WELO Enforcement Training at StopWaste in Oakland

Landscape Professional Trainings - Winter/Spring 2020

StopWaste's WELO Enforcement Training for Public Agency Staff

Download the training flyer

Class sizes are limited. Register now to reserve your spot. 

Cost: Free. 

Dates & locations: 
Due to the COVID-19 crisis, the March 18 training in Hayward is canceled. The March 31 and April 30 trainings will be held as online webinars only.  

  • Wednesday, March 18 in Hayward. Host: Alameda County. Time: 9:30 a.m. - 2 p.m Canceled
  • Tuesday, March 31 in Livermore. Host: City of Livermore. Time:  9:00 a.m. - 2 p.m.  Webinar, 9 a.m - 1 p.m.
  • Thursday, April 30 in Oakland. Host: StopWaste. Time: 9:00 a.m. - 2 p.m.  Webinar, 9 a.m. - 1 p.m.

Who should attend: Public agency staff responsible for building and landscape permits in the County of Alameda and the 14 cities in the county.
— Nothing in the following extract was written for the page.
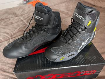 PREZZO RIBASSATO PER VENDITA RAPIDA Vendo scarpe tecniche da moto Alpinestars Faster-3 Rideknit, taglia EUR 41 (US 8.5). Le scarpe sono state utilizzate meno di 5 volte, si presentano in condizioni impeccabili, pari al nuovo, senza alcun segno di usura o difetto. Perché scegliere questo modello: Traspirabilità: Versione Rideknit con inserti in maglia, ideale per l'estate e le mezze stagioni. Sicurezza Certificata: Protezioni su caviglia, punta e tallone (Certificazione CE). Comfort: Leggere come una sneaker ma protettive come uno stivale tecnico. Stile: Colorazione moderna nero/grigio con dettagli giallo fluo ad alta visibilità. Complete di scatola originale e imballaggio. Disponibile per consegna a mano in zona Pesaro per verifica immediata delle condizioni, oppure spedizione tracciata. Prezzo: 99€ LEGGERMENTE TRATTABILI !!CONTROLLA GLI ALTRI MIEI ANNUNCI PER ALTRI ARTICOLI MOTO!! No perditempo o offerte ridicole, la qualità si commenta da sola.

This free workshop equips public agency staff with the essential tools and knowledge to effectively enforce the Water Efficient Landscape Ordinance. Through a combination of lecture, visuals and hands-on, interactive exercises, participants will learn how to:

  • Interpret and enforce WELO
  • Use the StopWaste WELO Tool Kit to streamline project review
  • Spot common errors on WELO submittals
  • Comply with the state's annual reporting requirements
  • Confirm compost and mulch requirements
  • Become more familiar with water budgets and landscape and irrigation plan review
  • Use ReScape Rated Landscapes as a tool for WELO implementation

To register, email Jennifer West and please provide: 

  • Date preference
  • Your name
  • Job title
  • Agency name
  • Email address

For more information, download our training flyer

StopWaste's All About Compost: Schedule a Brownbag Lunch & Learn

On hold due to the COVID-19 crisis. 

For public agencies in Alameda County: StopWaste offers free lunchtime talks for planning and landscape maintenance staff about how to select and apply quality compost to control erosion and create healthy, drought-resistant soil. We'll come to your office or facility.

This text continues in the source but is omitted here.